Edebiyat

RAHMİ BEY’İN KAZANI

Ahşap masanın üzerinde para sayma makinası, bir demet boş kambiyo senedi koçanı, oltu taşından tespih, tozlu bez cilt ajanda ve alüminyum çerçeve içinde Rahmi Bey’ in eşi ve kızları ile çay bahçesinde çekilmiş fotoğrafları vardı.
Şantiye şefi, katlı projeyi açtı, masanın üzerine boydan boya serdi, karşısında bekleyen genç adama açıklamaya başladı.
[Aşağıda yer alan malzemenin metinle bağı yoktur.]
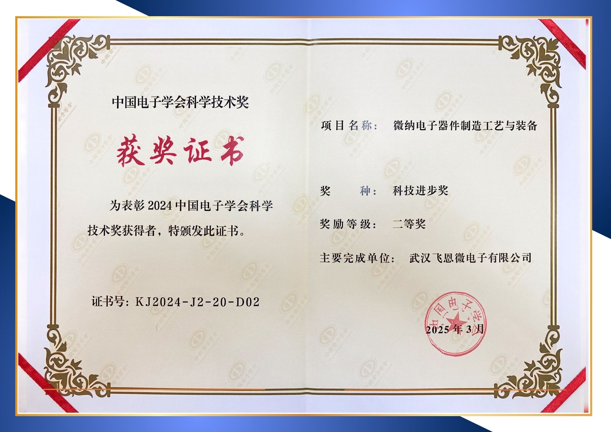 近日,中国电子学会正式公布2024中国电子学会科学技术奖名单,由武汉飞恩微电子与武汉大学联合申报的“微纳电子器件制造工艺与装备”,荣膺科技进步二等奖。

‘Şu hat tesisata gidiş hattı. Pompayı gidiş hattına kuracaksın.’
‘Olur.’
‘ Tek başına mı geldin?’
‘Bugün tek başıma başlarım, ileriki günlerde gerekirse yanıma eleman
getiririm.’
Şantiye şefi güldü.
‘Gerekirse mi? Tek başına hiçbir iş yapamazsın ki… Rahmi Bey seni büyük ihtimalle kovacaktır. Neyse… İş geciktiği, yürümediği zaman çok sinirlenir. İş bitip test alınana kadar ödeme alamazsın. Geç teslim ettiğin her gün hak
edişinden kesilir, tamamlamazsan, eksiklerin olursa, yine hiç ödeme alamazsın, şimdiden bilmiş ol. Bugün kalorifer hatlarından başlarsın, devam edip etmeyeceğine Rahmi Bey karar verir. Eksik malzemen olursa, bir şey soracaksan
beni bulacaksın. Rahmi Bey ustalarla muhatap olmaz.’
Genç adam, başıyla onayladı.
‘Adın neydi?’
‘Ersin Kara.’
‘Ersin Usta hazırlanıp başlayabilirsin. Bir şey daha var, unutmadan… Kazana kadar hattı çekeceksin ya, kazan dairesine kadar getir. Orada dışarıda bırak. Sakın kazan dairesine girme, bağlantılarını yapayım deme, kazana
dokunmaya kalkma. Rahmi Bey in kazanları hep özel imalattır. Kimseye kurcalatmaz. Zaten kazan dairesinin anahtarı sadece ondadır. İçeri kimseyi sokmaz. Kapıyı kendisi açar, kazanlarını belli periyotlarda kendisi temizler,
bakımlarını yapar. Sonra Ersin Kara’ ya döndü, ‘Tuvalete geç, soyun! Üzerini değiştir, hemen
işe başla, oyalanma, ben şimdi geldiğini kendisine haber vereceğim,’ dedi.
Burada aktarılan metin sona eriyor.